- Education: University of California, Davis Stanford University
- Scientific career
- Fields: Microbiology
- Workplaces: Stanford University
- Thesis: Bacterial pathogens exploit normal host cell processes to cause gastrointestinal disease (2002)
- Doctoral advisor: Stanley Falkow

= Denise M. Monack =

American microbiologist

Denise M. Monack is an American microbiologist who is the Martha Meier Weiland Professor and chair of the department of microbiology and immunology at the Stanford University School of Medicine.

== Life ==
Monack earned a B.S. in genetics from the University of California, Davis in 1984. She completed a Ph.D. in microbiology and immunology from Stanford University School of Medicine in 2002. Her dissertation was titled, Bacterial Pathogens Exploit Normal Host Cell Processes to Cause Gastrointestinal Disease.
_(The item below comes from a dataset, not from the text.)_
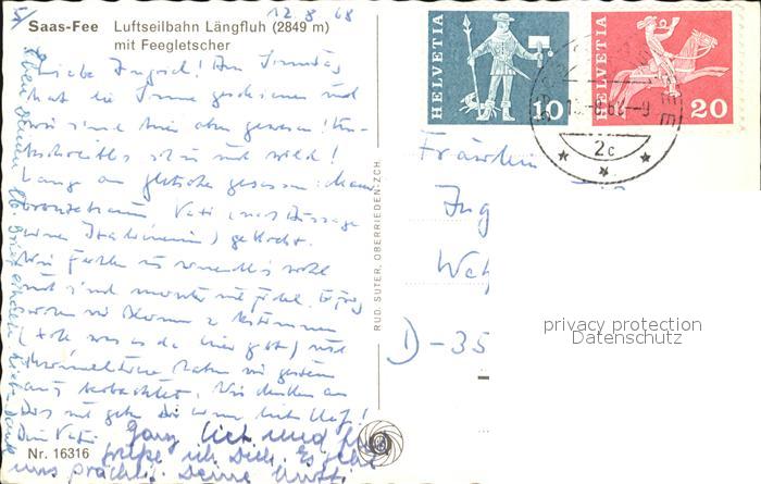 alte Postkarte Seilbahn Laengfluh Saas-Fee Feegletscher postalisch gelaufen Erhaltung siehe scans

From 1984 to 1998, Monack worked in the laboratory of Stanley Falkow at Stanford University, first as a life science technician and later as a research assistant. She was promoted to assistant professor in 2008, associate professor in 2012, and professor in 2016. In 2015, she was elected a fellow of the American Academy of Microbiology. In 2022, Monack became the Martha Meier Weiland Professor and chair of the department of microbiology and immunology.